Goal of the exercise ▸
Reproduce the entire listing exactly. Leave the pictures out.

....

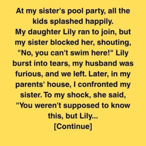 At my sister’s pool party, all the kids splashed happily. My daughter Lily ran to join, but my sister blocked her, shouting, “No, you can’t swim here!”…
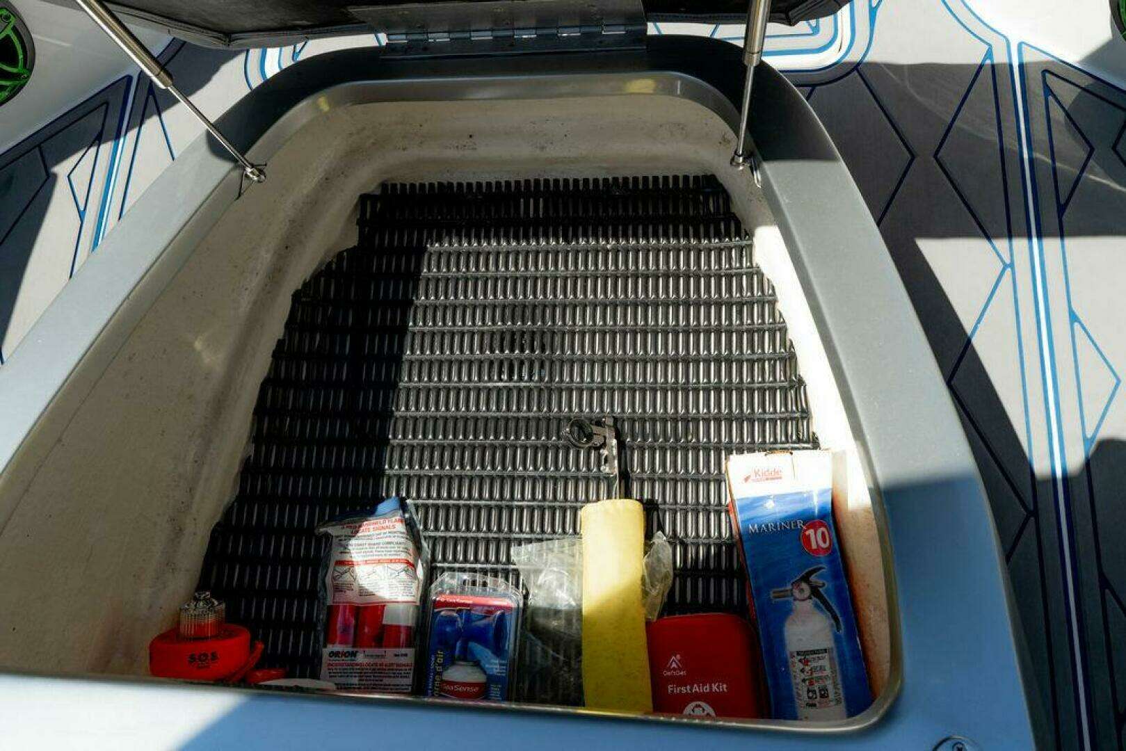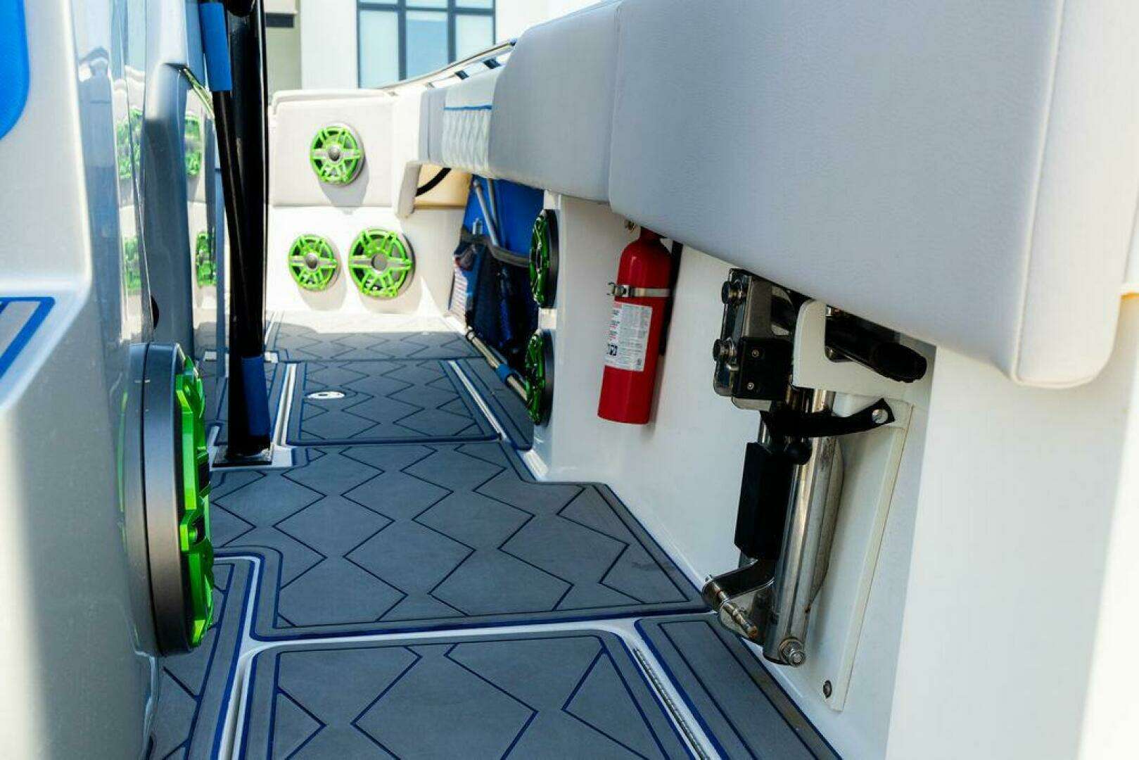 Chaise Lounge Console Seat - Forward, Double Wide, Articulating Arm Rests, Drink Holders Fish and Storage Boxes (5) - Below Deck, with Overboard Diaphragm Discharge Pumps Flooring - Color-Coordinated, Cockpit Sole, Deck Walkaround, T-Top Mat with Logo
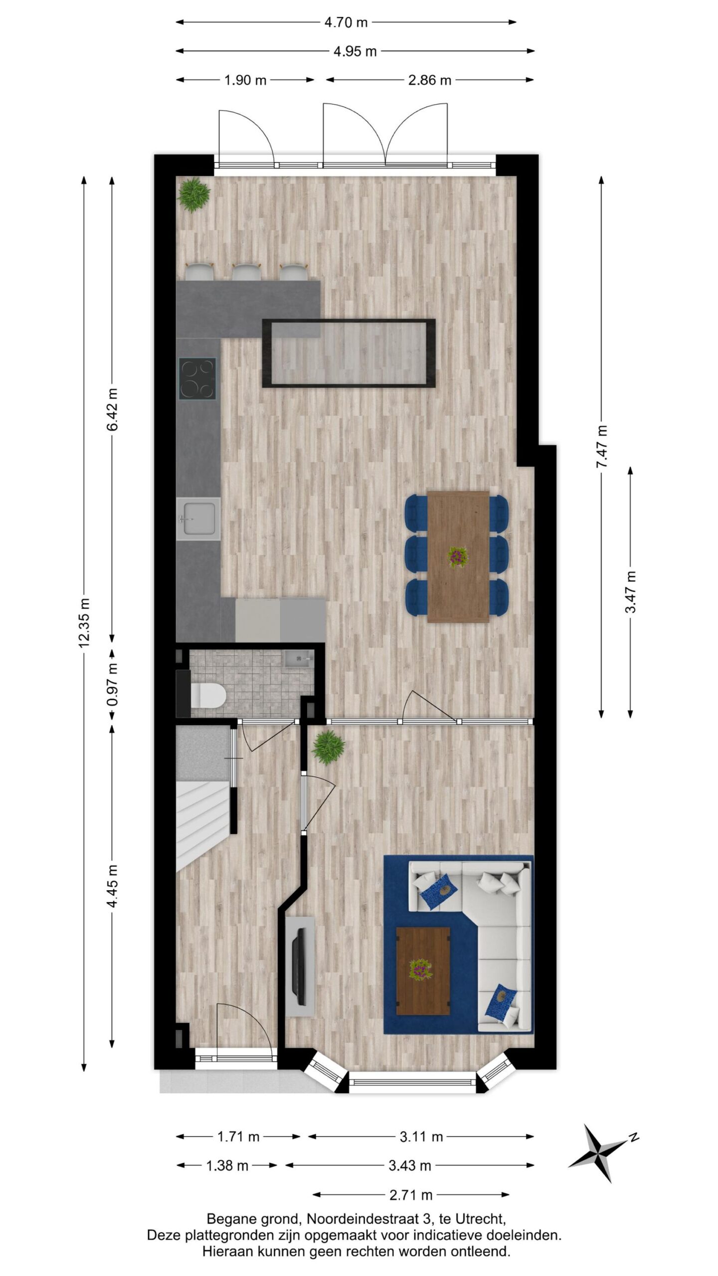 – De begane grond is stijlvol afgewerkt met een visgraat PVC-vloer met vloerverwarming;
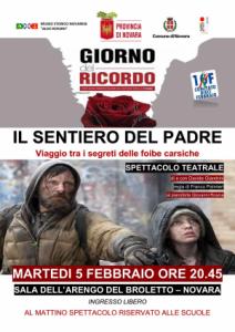 Novara - Un appuntamento organizzato dalla Provincia, in particolare dal delegato Ivan De Grandis, per ricordare i tanti martiri delle foibe, uccisi o costretti all'esilio in occasione dei 'rastrellamenti' da parte delle truppe titine nei confronti degli italiani al termine della Seconda Guerra Mondiale. In occasione del Giorno del Ricordo martedì 5 febbraio alle 20.45 presso l'arengo del Broletto (via F.lli Rosselli) si tiene 'Il sentiero del padre', viaggio tra i segreti delle foibe carsiche, di e con Davide Giandrini, regia di Franco Palmieri.
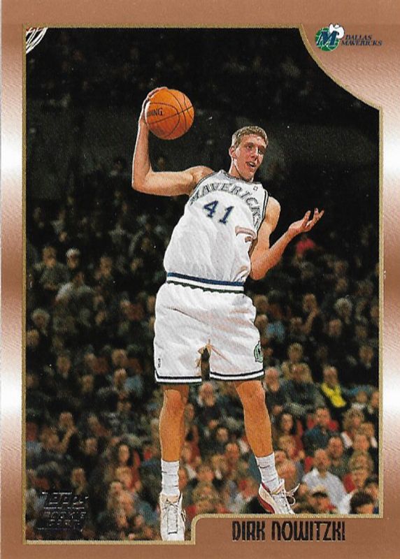 The Dirk Nowitzki 1998 Topps #154 Base Rookie card in Raw condition has moved up $1.26 (+26.4%) in the last 30 days and was last sold for $6.00 .
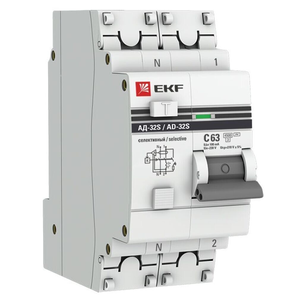 Автомат дифференциальный EKF PROxima АД-32 63А 1P+N тип AC 100 мА 4,5 кА (DA32-63-100S-pro)
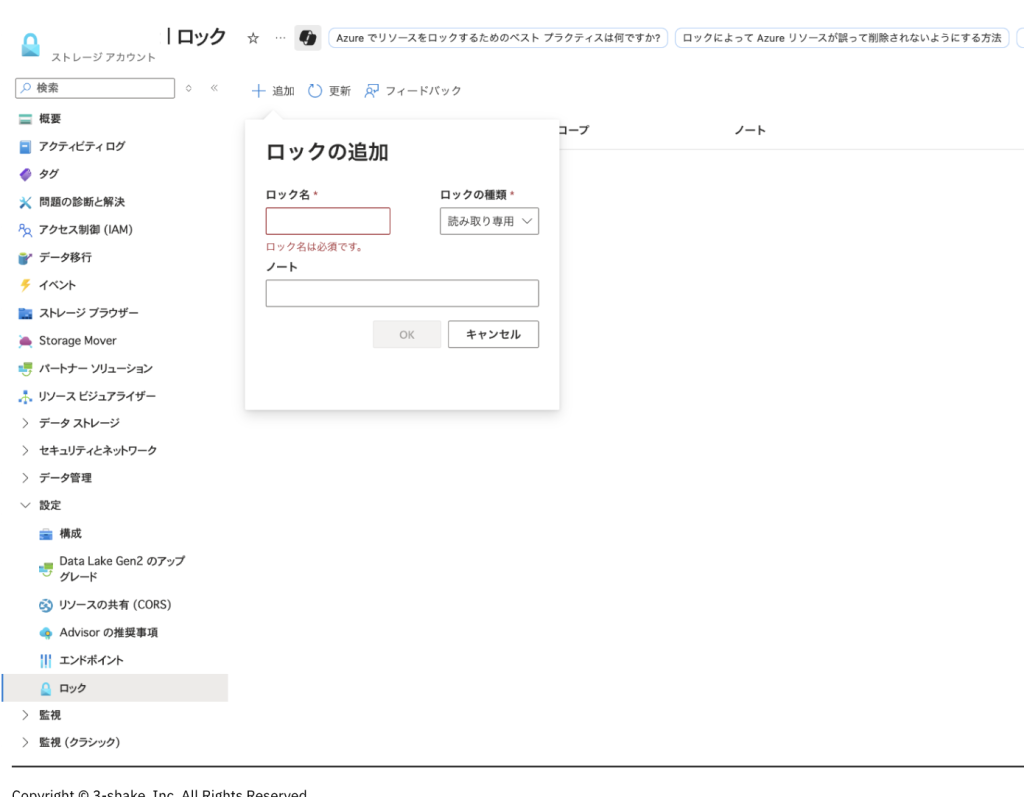 Azure Storage Account削除ロック(Resource Lock)の設定について
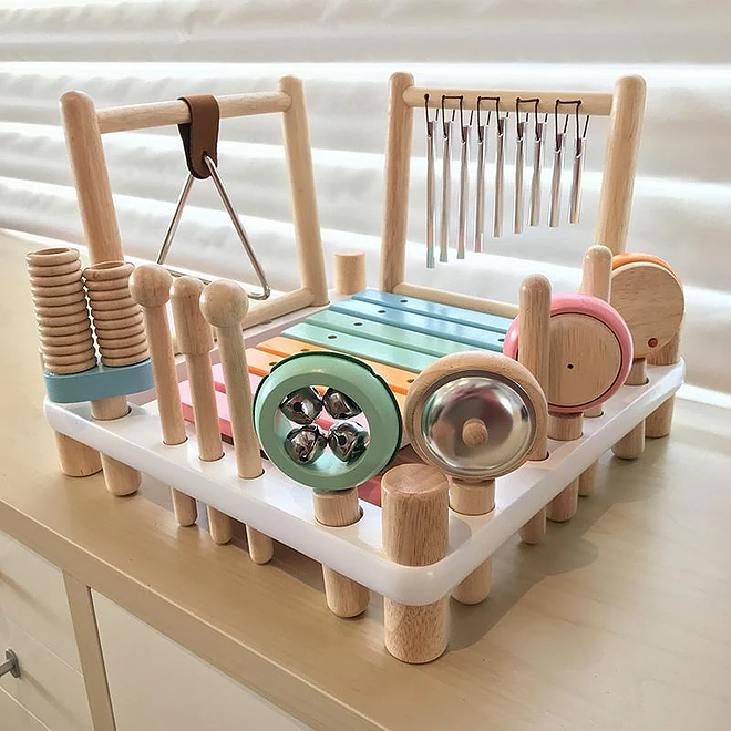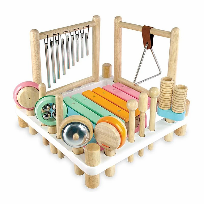 Your budding musician will be able to bang the drum, strike the chimes or play a tune on the xylophone. Children can click the castanet, and experiment with the triangle, cymbal, bells, maracas, or double guiro. The melody mix also comes with two strikers, a scraper and a set of rhythm sticks, so your little one will have plenty to discover and explore!

....

Result for this exercise ▸
 At my sister’s pool party, all the kids splashed happily. My daughter Lily ran to join, but my sister blocked her, shouting, “No, you can’t swim here!”…
 Chaise Lounge Console Seat - Forward, Double Wide, Articulating Arm Rests, Drink Holders Fish and Storage Boxes (5) - Below Deck, with Overboard Diaphragm Discharge Pumps Flooring - Color-Coordinated, Cockpit Sole, Deck Walkaround, T-Top Mat with Logo
 – De begane grond is stijlvol afgewerkt met een visgraat PVC-vloer met vloerverwarming;
 Novara - Un appuntamento organizzato dalla Provincia, in particolare dal delegato Ivan De Grandis, per ricordare i tanti martiri delle foibe, uccisi o costretti all'esilio in occasione dei 'rastrellamenti' da parte delle truppe titine nei confronti degli italiani al termine della Seconda Guerra Mondiale. In occasione del Giorno del Ricordo martedì 5 febbraio alle 20.45 presso l'arengo del Broletto (via F.lli Rosselli) si tiene 'Il sentiero del padre', viaggio tra i segreti delle foibe carsiche, di e con Davide Giandrini, regia di Franco Palmieri.
 The Dirk Nowitzki 1998 Topps #154 Base Rookie card in Raw condition has moved up $1.26 (+26.4%) in the last 30 days and was last sold for $6.00 .
 Автомат дифференциальный EKF PROxima АД-32 63А 1P+N тип AC 100 мА 4,5 кА (DA32-63-100S-pro)
 Azure Storage Account削除ロック(Resource Lock)の設定について
 Your budding musician will be able to bang the drum, strike the chimes or play a tune on the xylophone. Children can click the castanet, and experiment with the triangle, cymbal, bells, maracas, or double guiro. The melody mix also comes with two strikers, a scraper and a set of rhythm sticks, so your little one will have plenty to discover and explore!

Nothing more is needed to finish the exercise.